第11章 プレッシャー
「がんばれーっ!!みんなぁーっ!!」
連日の猛暑は相変わらず。
その中で行われる記録会は、選手たちの体力を更に消耗させている。
今日は寛政大学長距離陸上部10人全員での出場。
夏の合宿の成果が試される、重要な大会だ。
私と葉菜子が声援を送る中最初にゴールに辿り着いたのは、トラックを独走状態で走り抜いたカケルくん。
すぐ後方からそれに追いついたハイジくん。
そしてムサくん、城兄弟、ユキくんに神童くん。
ここまでの7人は既に公認記録を出しているメンバーで、今日のタイムも上々。
「せんぱーいっ!!」
「キングーっ!王子ーっ!!」
「行け行けぇーっ!!」
ゴールで待ち構えるみんなが応援の音量を上げた。
先輩もキングくんも、合宿前に比べて格段にタイムを縮めている。
もちろん、王子くんも。
以前は集団の最後尾から更に遅れをとり、一人引き離された状態で走っていたけれど、今日は違う。
一人じゃない。

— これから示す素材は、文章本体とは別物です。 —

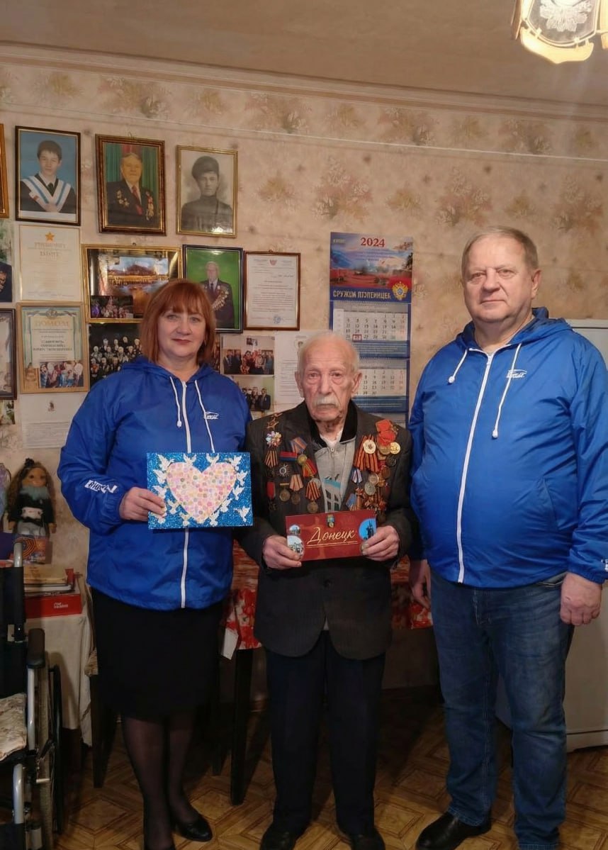 Сегодня, 26 декабря 2025 года, в рамках проекта "Старшее Поколение" реализуемого Единой Россией , управляющий делами Управы Людмила Аринович и депутат Донецкого городского Совета ДНР Михаил Рыбаков поздравили с днём рождения Иннокентия Пантелеймоновича Румянцева, ветерана ВОВ, вручили набор фруктов и поздравительную открытку от Главы муниципального образования городской округ Донецк ДНР Алексея Кулемзина.
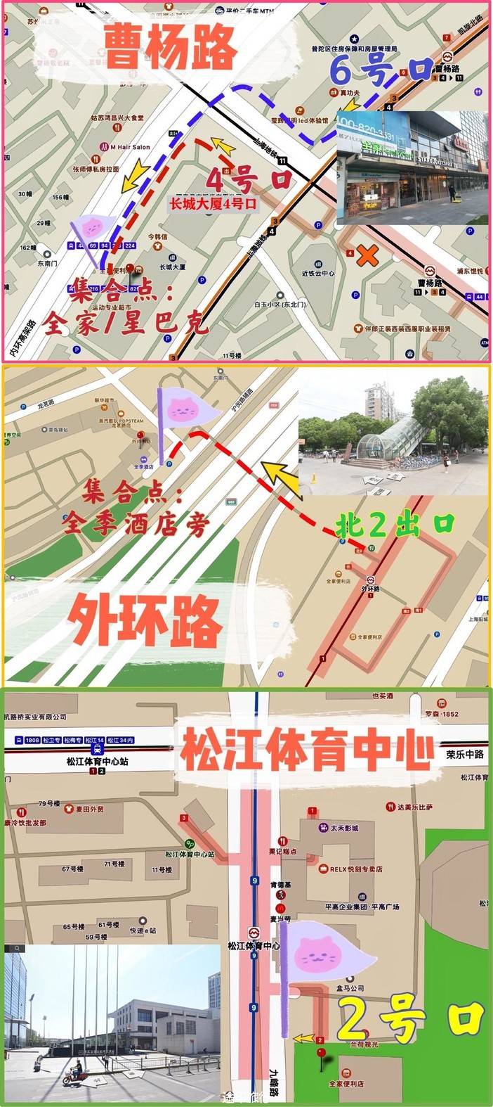 ①7:00曹杨路站 ②7:30外环路地铁站 ③7:55松江体育中心地铁站
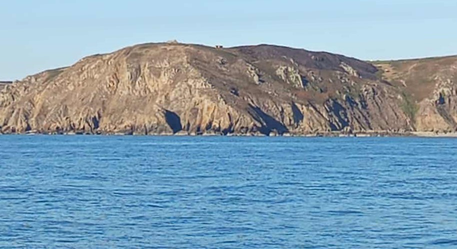 Bientôt les côtes de la Hague sont en vue et l’on peut distinguer les traces de l’incendie ayant ravagé la lande au niveau du Nez de Jobourg.
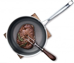 Ocelová „plástvová“ textura chrání povrch před poškrábáním i při použití kovových nástrojů a umožňuje snadné uvolnění pokrmů.
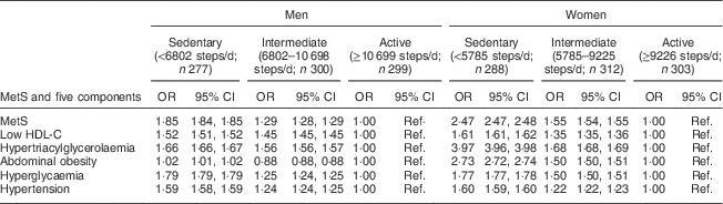 Many studies have been reported that a lack of physical activity is a major risk factor for MetS( Reference Carnethon, Gidding and Nehgme 27 – Reference Ferreira, Henry and Twisk 29 ). The present study also found that lower daily steps were significantly associated with higher risk of MetS. Compared with the active group, OR for MetS were elevated for both men (sedentary, OR =1·85; intermediate, OR=1·29) and women (sedentary, OR=2·47; intermediate, OR=1·55). The OR for components of MetS were also significantly higher than 1·0 for sedentary and intermediate activity groups in men and women. This underscores the importance of regular physical activity in the prevention of MetS and its components in men and women. With regard to the risk difference between men and women, previous studies have reported that the association between sedentary behaviours and MetS is stronger in women than in men, and the risk of MetS is increased more in women than in men with prolonged time spent in sedentary behaviours( Reference Bertrais, Beyeme-Ondoua and Czernichow 30 – Reference Ford, Kohl and Mokdad 32 ). However, it is debatable whether women are more susceptible to developing MetS than men as some studies suggest that men are more likely to develop MetS than women. According to a recent study by Fernádez-Bergés et al.Reference Fernández-Bergés, Cabrera de León and Sanz (33) , in persons aged up to 55 years, MetS is more frequent in men but becomes more frequent in women in persons aged over 65 years.

ちゃんと集団に付いて走っている。
ハイジくんの練習メニューの厳しさから、「地獄の白樺湖」とまで名付けられた夏合宿。
そのトレーニングの甲斐あって、公認記録である16分30秒目前でゴールしたのは…
「きゃーっ!お姉ちゃん!!」
「やったぁ!せんぱーいっ!キングくーんっ!!」
私と葉菜子はその瞬間、抱き合って喜びを分かち合う。
先輩とキングくんが遂に公認記録を達成したのだ。
アオタケチームが二人に駆け寄り、歓喜に湧く。
ひとしきり激励の言葉が飛び交ったあとは、最後の一人に向かって声を上げる。
「王子ーっ!!頑張れーっ!!」
「行っけ〜っ!!」
既に公認記録のタイムは過ぎてしまっているものの、この調子で走れば間違いなく王子くんの自己記録は更新できそうだ。
「王子くん!!あと少し!!ファイットー!!」
最後の力を振り絞ってゴールした王子くん。
タイムは自己ベストを叩き出した。
ハイジくんに賞賛の言葉でも掛けられているのか、小さく頷く姿が見える。
しかしその表情は、疲労とは別の険しさも含んでいるように感じられた。
箱根駅伝の予選会は、10人全員が公認記録を持っていなければ出場することができない。
つまり、厳しい言い方をしてしまうと…
王子くんが公認記録を出せなければ、その時点で寛政大学の箱根への道は閉ざされる。